Essa informação precisa ser realizada até o último dia útil do mês subsequente à operação. Logo, se uma pessoa faz uma operação em agosto, precisa informar até o último dia útil de setembro e assim sucessivamente.
Da mesma forma, se alguém tem um saldo em criptoativos que se valorizou e superou o valor de R$ 30 mil não é necessário informar. A informação é prestada apenas no momento em que há uma operação financeira com esse criptoativos. Não é preciso informar valorizações não realizadas, pois nessa situação ainda não são passíveis de tributação.
Já a informação dos saldos dos usuários é da exchange. Em janeiro de todo ano ela vai informar a posição de cada usuário em 31/12. Diferente da minuta anterior, a Receita não pediu o valor de mercado dos ativos, determinando que é necessário informar apenas o saldo e o custo de aquisição dos mesmo.
O primeiro conjunto de informações precisa ser entregue no último dia útil de setembro deste ano. Então todas as pessoas que no mês de agosto de 2019 (mês de referência) realizaram operações envolvendo transferência de criptoativos acima de R$ 30 mil vão precisar informar a partir de setembro de 2019. No caso das exchanges esse limite mínimo de valor não se aplica.
Quem já tem criptomoedas, mas não realizou operações em agosto acima deste valor terá as informações prestadas pela exchange em janeiro de 2020.
Agora também há penalidades no caso de não informação, atraso, omissão ou equívoco nas informações. As penalidades podem chegar a 3% do valor da operação. Então o investidor precisa informar operações realizadas em mercado privado (transações peer-to-peer) e com exchanges fora do Brasil.
Instrução é positiva ou negativa para a indústria de criptomoedas no Brasil?

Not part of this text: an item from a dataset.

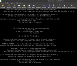 CyberSphere is a Role-Playing MOO set in a dark American future. Your virtual journey begins in New Carthage, the denizens of which range from the benign eccentric to the malicious psychotic. Shadowed alleys conceal dark secrets, and gleaming towers of urban wealth hide fantastic conspiracies.
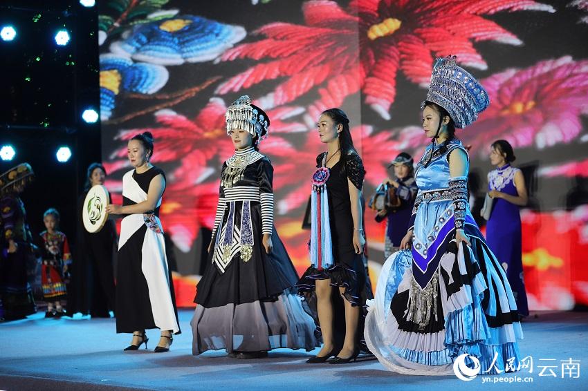 模特在展示彝族服饰及彝绣文创产品。从一个产业到一个品牌

Esse foi primeiro passo de uma regulamentação do mercado. É uma tendência que observamos também em outros países. A própria OCDE já sinalizou a importância de se analisar os impactos tributários do mercado de criptoativos, especialmente diante da relevância e proporção que o mercado tem tomado.
Eu tenho uma preocupação que, especialmente quando estamos falando de corretoras, temos em muitos casos startups e empresas que estão começando suas operações. O custo sistêmico de toda essa estrutura de entrega de informações pode ser prejudicial para essas empresas. Ainda temos que aguardar layouts e orientações da Receita sobre como essas informações deverão ser disponibilizadas.
Todos os países têm caminhado para essa regulamentação do mercado. Com o tempo será possível avaliar o que funciona e o que traz onerosidade para o mercado.